TASK STATEMENT |
Give again, exactly as written, the lines of the records below from the line with "Novum设计奖作为国际顶端" to the line with "Eigenhandig gemaakte versiering". Both end lines count; pictures do not.

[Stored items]

╔══

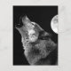 BW Wolf Howling at Moon Holiday Postcard
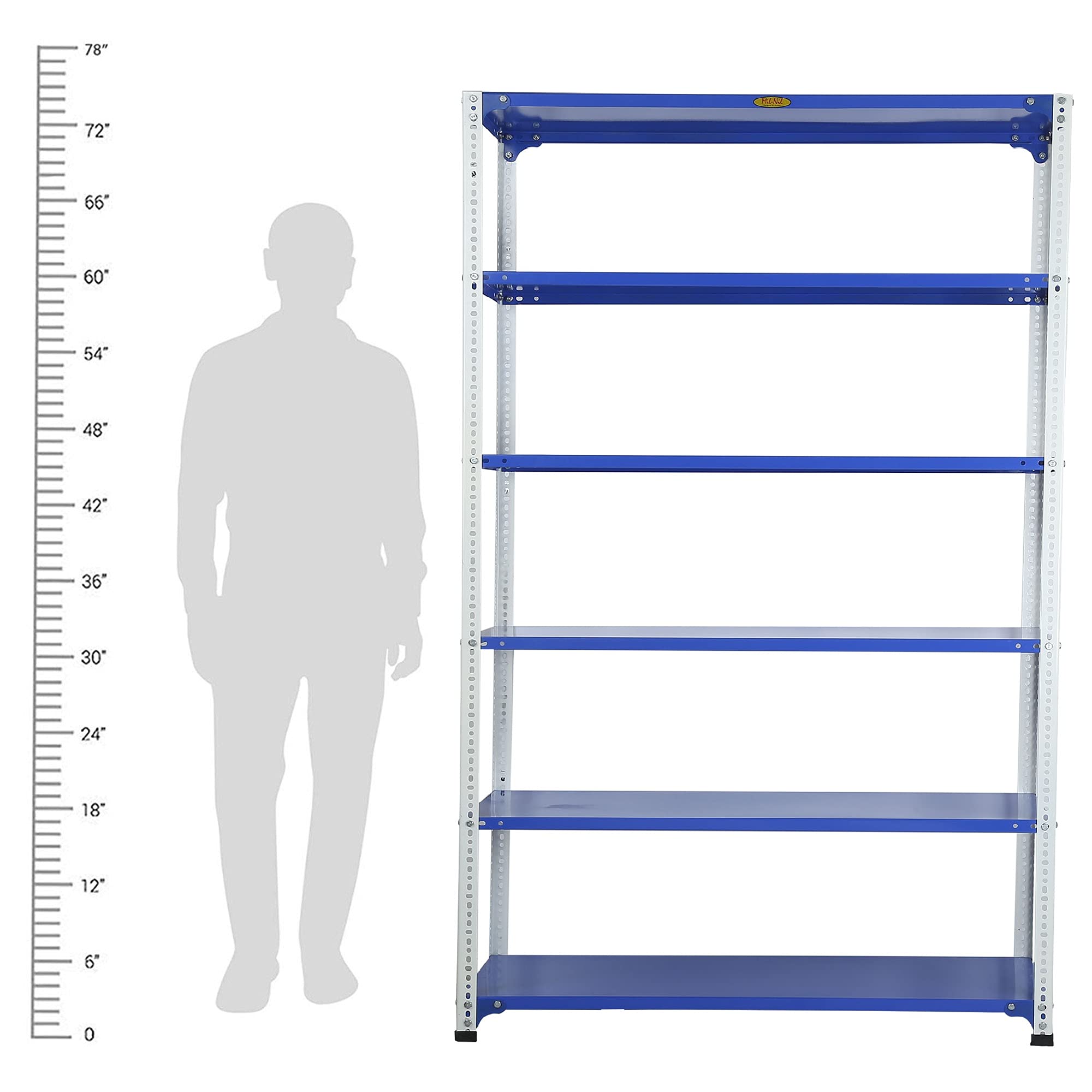 Item NameMil-Nil Prime CRC Sheet 72X47X18 Inch Multipurpose Storage, Adjustable Shelf, Slotted Angle Rack with 6 Shelves 20 Gauge_Blue/White 14 Gauge Angles
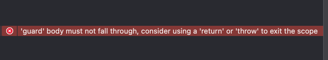 아래와 같이 return이나 throw로 guard문을 끝내줘~ 하는 에러가 발생합니다
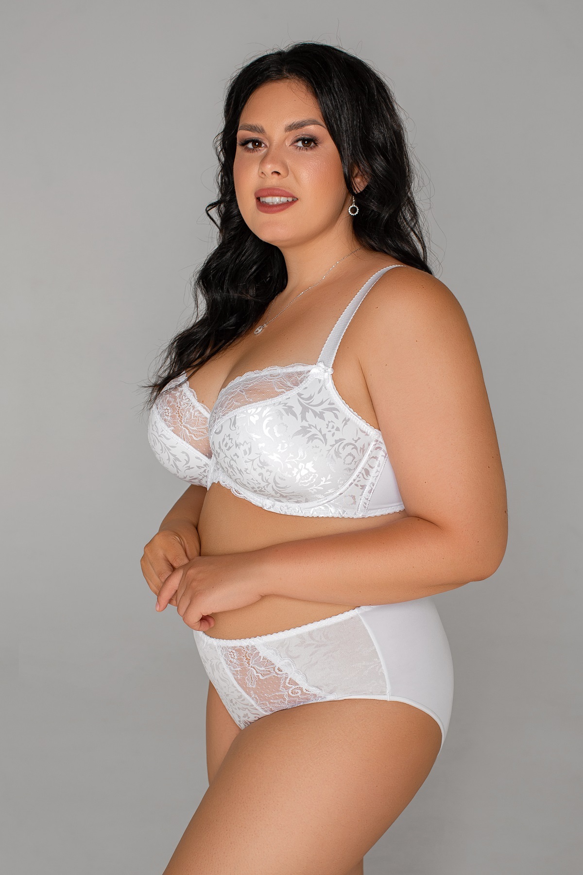 Комбинированная чашка из эластичного кружева и принтованного полотна. Низ чашки дублирован поролоном. На каркасах. Боковые детали усилены стержнями.
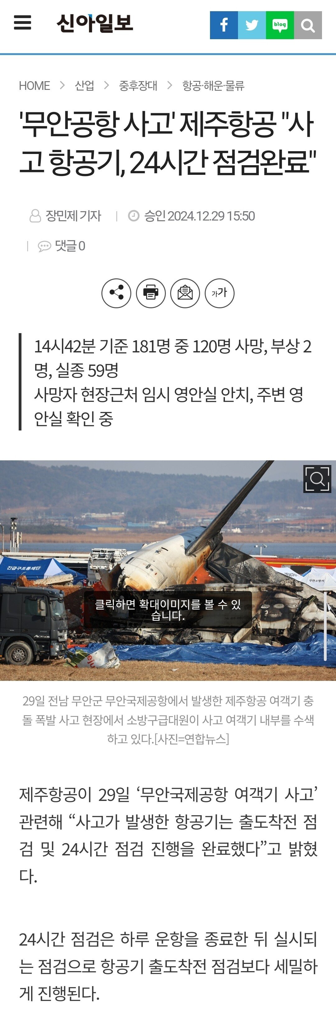 '무안공항 사고' 제주항공 "사고 항공기, 24시간 점검완료"
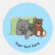 Cute grey British shorthair cat sitting with a cat toy and a teddy bear. The cat is hoping their previous mischief they got into is blamed on the dog.
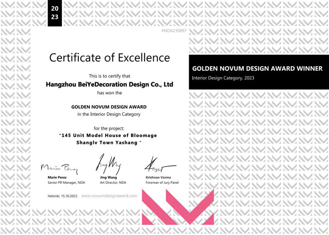 Novum设计奖作为国际顶端的设计赛事, 是设计作品质量的证明,致力于表彰设计领域的优秀设计师及作品。主要设置了建筑设计、室内设计、城市规划与景观设计、家具设计、照明设计、数码艺术与平面设计、包装设计、珠宝设计、时装与纺织设计、以及摄影与照片处理设计十大参赛类别,每个类别颁发金、银、铜等各类大奖。华熙·雅尚145平样板间项目荣获类别金奖。
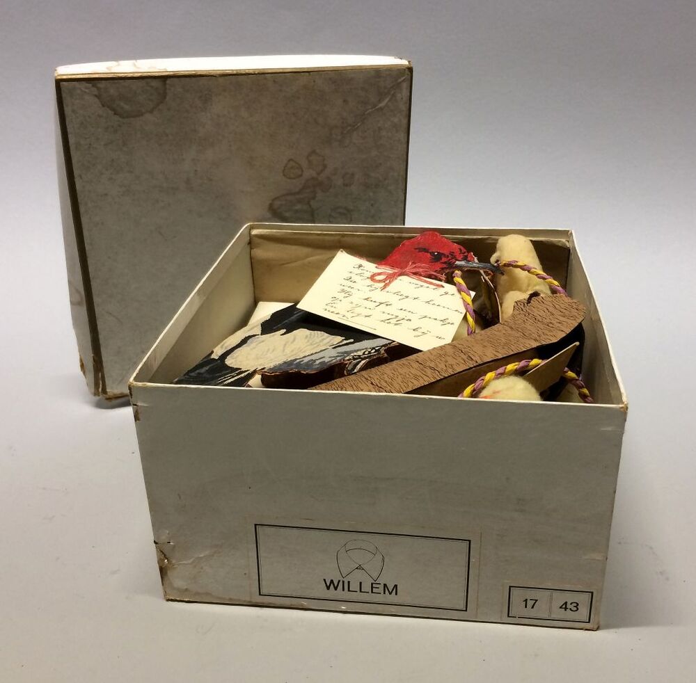 Eigenhandig gemaakte versiering voor de paastafel bestaande uit kuikens, eierdopjes, enz met boekje getiteld "Paaschklanken"
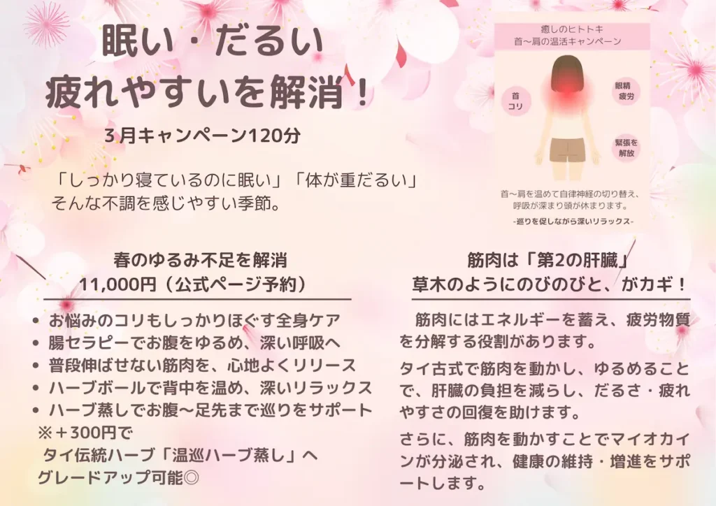 3月”季節のキャンペーン”「眠い・だるい・疲れやすいを解消!」タイ古式120分 キャンペーン 2026.02.152026.02.26 「しっかり寝ているのに眠い」「体が重だるい」そんな不調を感じやすい季節。春は草木のようにのびのびと!タイ古式120分のお知らせ
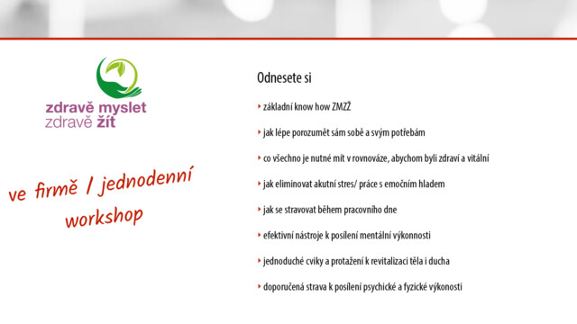 – workshop pro snížení rizik pracovního stresu i osobního napětí a přetížení

╚══

RESULT FOR THIS TASK |
 Novum设计奖作为国际顶端的设计赛事, 是设计作品质量的证明,致力于表彰设计领域的优秀设计师及作品。主要设置了建筑设计、室内设计、城市规划与景观设计、家具设计、照明设计、数码艺术与平面设计、包装设计、珠宝设计、时装与纺织设计、以及摄影与照片处理设计十大参赛类别,每个类别颁发金、银、铜等各类大奖。华熙·雅尚145平样板间项目荣获类别金奖。
 Eigenhandig gemaakte versiering voor de paastafel bestaande uit kuikens, eierdopjes, enz met boekje getiteld "Paaschklanken"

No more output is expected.